SA Bugzilla – Bug 5661
[review] speed up SQL queries by utilizing indexes
Last modified: 2007-12-16 13:30:16 UTC
The SQL query in /usr/share/perl5/Mail/SpamAssassin/BayesStore/SQL.pm line 243 calculates the expire delta, but in a way that can't use an index: my $sql = "SELECT count(*) FROM bayes_token WHERE id = ? AND (? - atime) > ?"; Changing this as follows would make it so it can utilize the index, thus examining less rows (which could be locked). Mysql can't look up $newest_atime - atime from the index because that value is made up, so it uses the "id" portion of the index on (id, atime)... if it doesn't have to calculate the value for $newest_atime + $something for every row and only needs to check the index then it would be much faster. Index: lib/Mail/SpamAssassin/BayesStore/SQL.pm =================================================================== --- lib/Mail/SpamAssassin/BayesStore/SQL.pm (revision 579950) +++ lib/Mail/SpamAssassin/BayesStore/SQL.pm (working copy) @@ -241,7 +241,7 @@ my $sql = "SELECT count(*) FROM bayes_token WHERE id = ? - AND (? - atime) > ?"; + AND atime < ?"; my $sth = $self->{_dbh}->prepare_cached($sql); @@ -251,7 +251,7 @@ } for (my $i = 1; $i <= $max_expire_mult; $i<<=1) { - my $rc = $sth->execute($self->{_userid}, $newest_atime, $start * $i); + my $rc = $sth->execute($self->{_userid}, $newest_atime - $start * $i); unless ($rc) { dbg("bayes: calculate_expire_delta: SQL error: ".$self->{_dbh}->errstr()); Thanks to Mark Martinec and Nils for the patch and analysis.

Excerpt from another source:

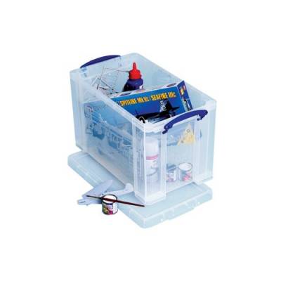 - This Really Useful storage box is suitable for foolscap suspension files for handy filing and storage in the office or at home. The box is made from durable polypropylene with a separate lid and integrated carry handles. Stackable and stable, this clear storage box has a 24 litre capacity and measures W465 x D270 x H290mm.

Committed to trunk: $ svn -m 'simplified SELECT FROM bayes_token to be able to use index, see bug 5661' ci Sending lib/Mail/SpamAssassin/BayesStore/SQL.pm Committed revision 580455. This seems simple enough, tentatively setting target to 3.2.4. Time for a review?
Mark, could you create a patch against 3.2.4, and attach it? I'm guessing it's the one that's inline in the first comment, but it's better to be explicit.
Created attachment 4141 [details] proposed patch to 3.2.3
+1
committed to 3.2.x: r604713